The internet infrastructure company had largely resolved the issue by 9 a.m. C.T., but said its engineers were still working on some lingering issues.
The disruption highlights how reliant modern digital services have become on a handful of cloud infrastructure providers: When one fails, the ripple effects can be massive.
Cloudflare said it was continuing to monitor for errors to ensure all services are back to normal. The San Francisco-based company protects websites from online threats and improves their performance.
Major platforms experiencing outages included X, Shopify, Dropbox, Coinbase, and League of Legends. Moody’s credit rating service displayed an Error Code 500, directing users to Cloudflare’s website.
New Jersey Transit warned that parts of its digital services, including njtransit.com, “may be temporarily unavailable or slow to load.” The disruption affected commuters trying to access schedules and ticket information.

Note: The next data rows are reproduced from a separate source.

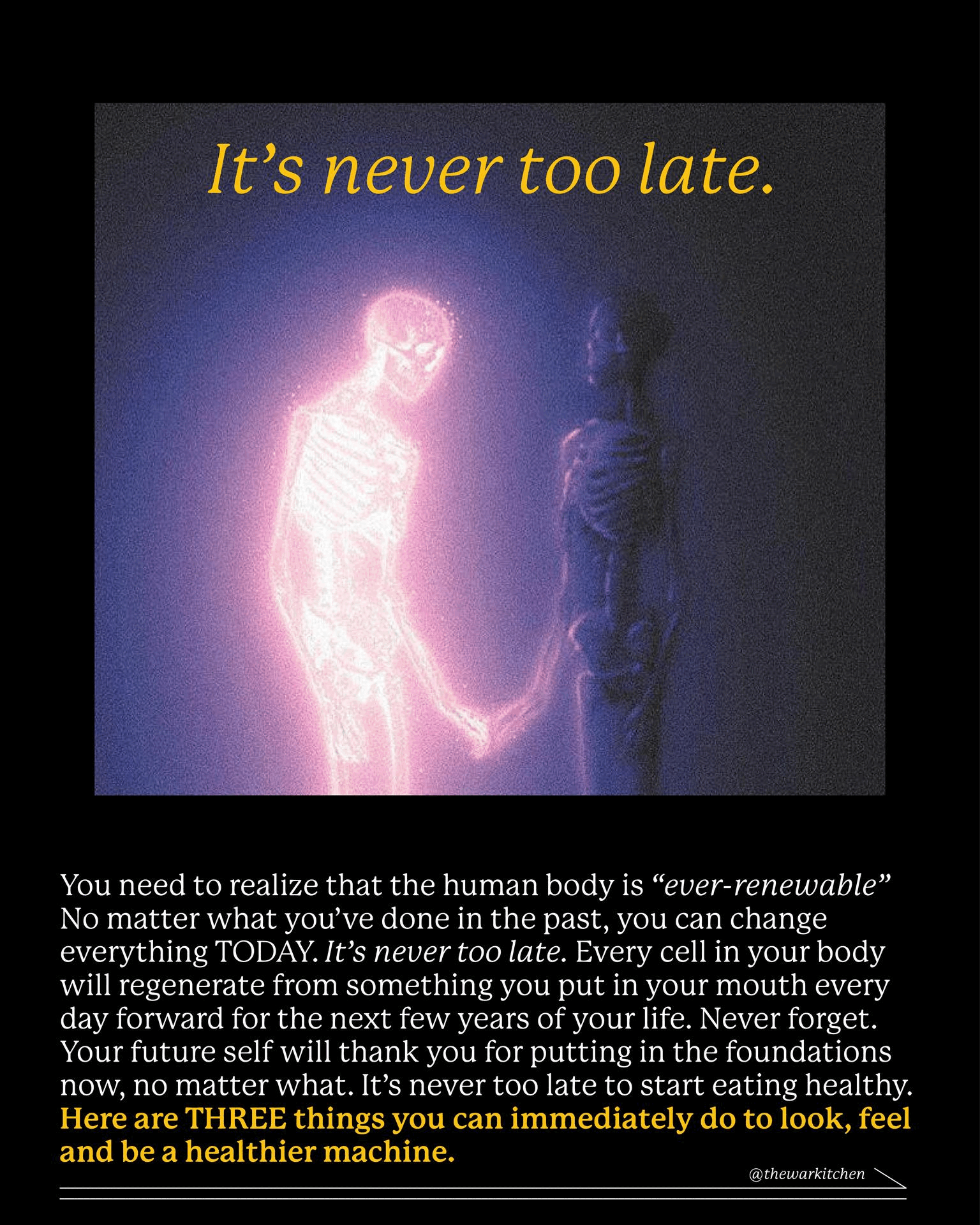 What we want you to understand is that no matter how bad things might seem, there’s always hope. The human body is “ever-renewable”. No matter what you’ve done in the past, you can change everything TODAY. It’s never too late. Every cell in your body will regenerate from something you put in your mouth every day forward for the next few years of your life. Never forget that.
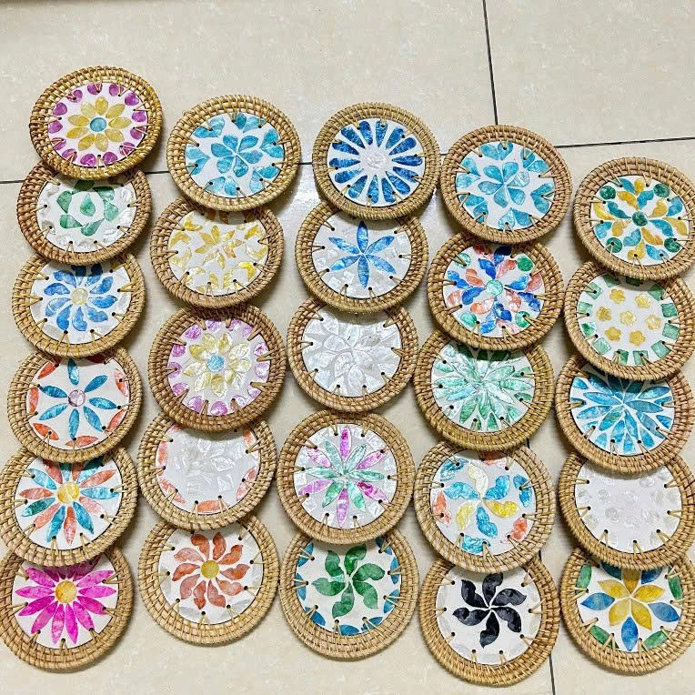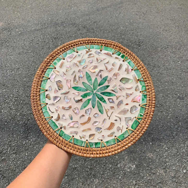 Handmade Round Rattan Placemat Featuring Mother of Pearl Shell Mosaic Direct Factory Wholesale Custom Logo Vietnam
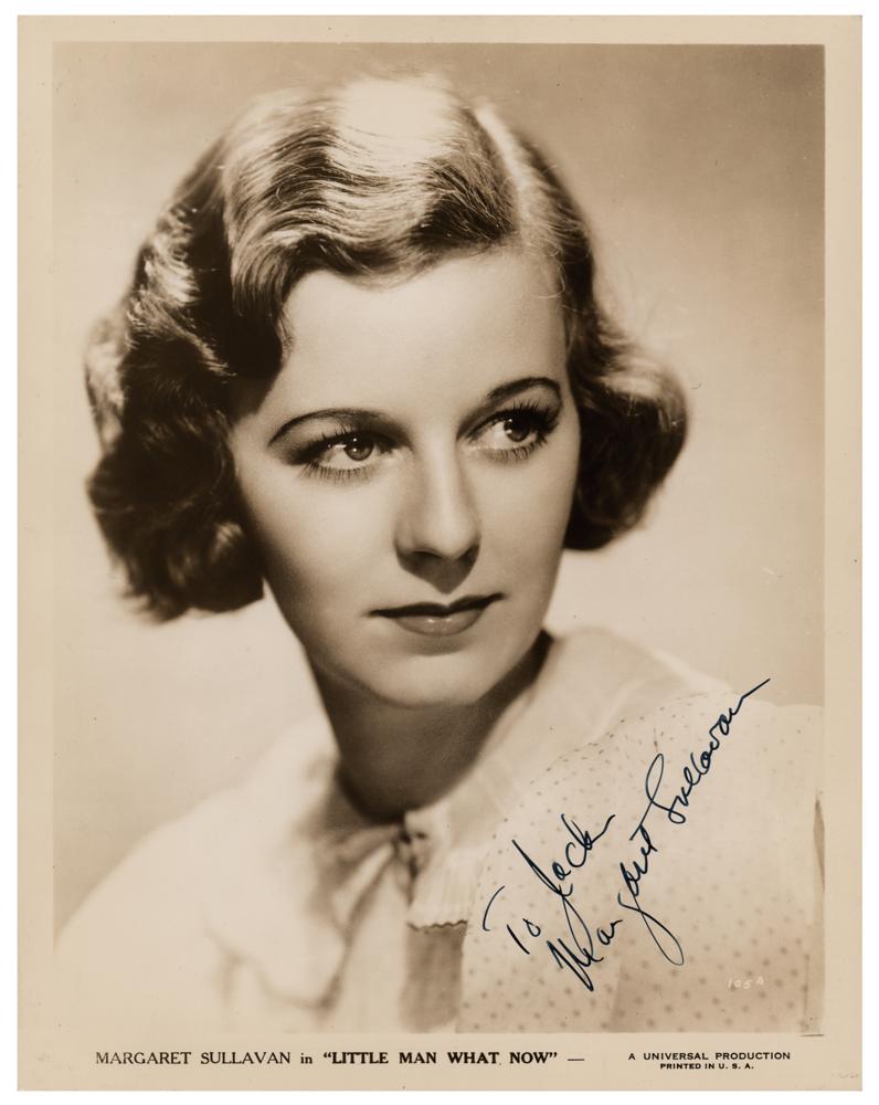 Vintage glossy 8 x 10 photo of Sullavan as Emma 'Lämmchen' Pinneberg in the 1934 tearjerker Little Man, What Now?, boldly signed and inscribed in fountain pen, "To Jack, Margaret Sullavan.” In fine condition, with scattered small creases, a few of which touch her face.

However, locally, the Dallas Area Rapid Transit system reported no disruptions due to the Cloudflare outage.
Tuesday’s incident follows a pattern of major cloud service outages. Microsoft deployed a fix last month after Azure infrastructure problems knocked out Office 365 and Minecraft.
Amazon’s cloud computing service experienced a massive outage in October. The failure cascaded across social media, gaming, food delivery, and financial platforms before engineers restored service.
These recurring incidents underscore the vulnerability of the internet infrastructure. As more services migrate to the cloud, single points of failure can have broader impacts.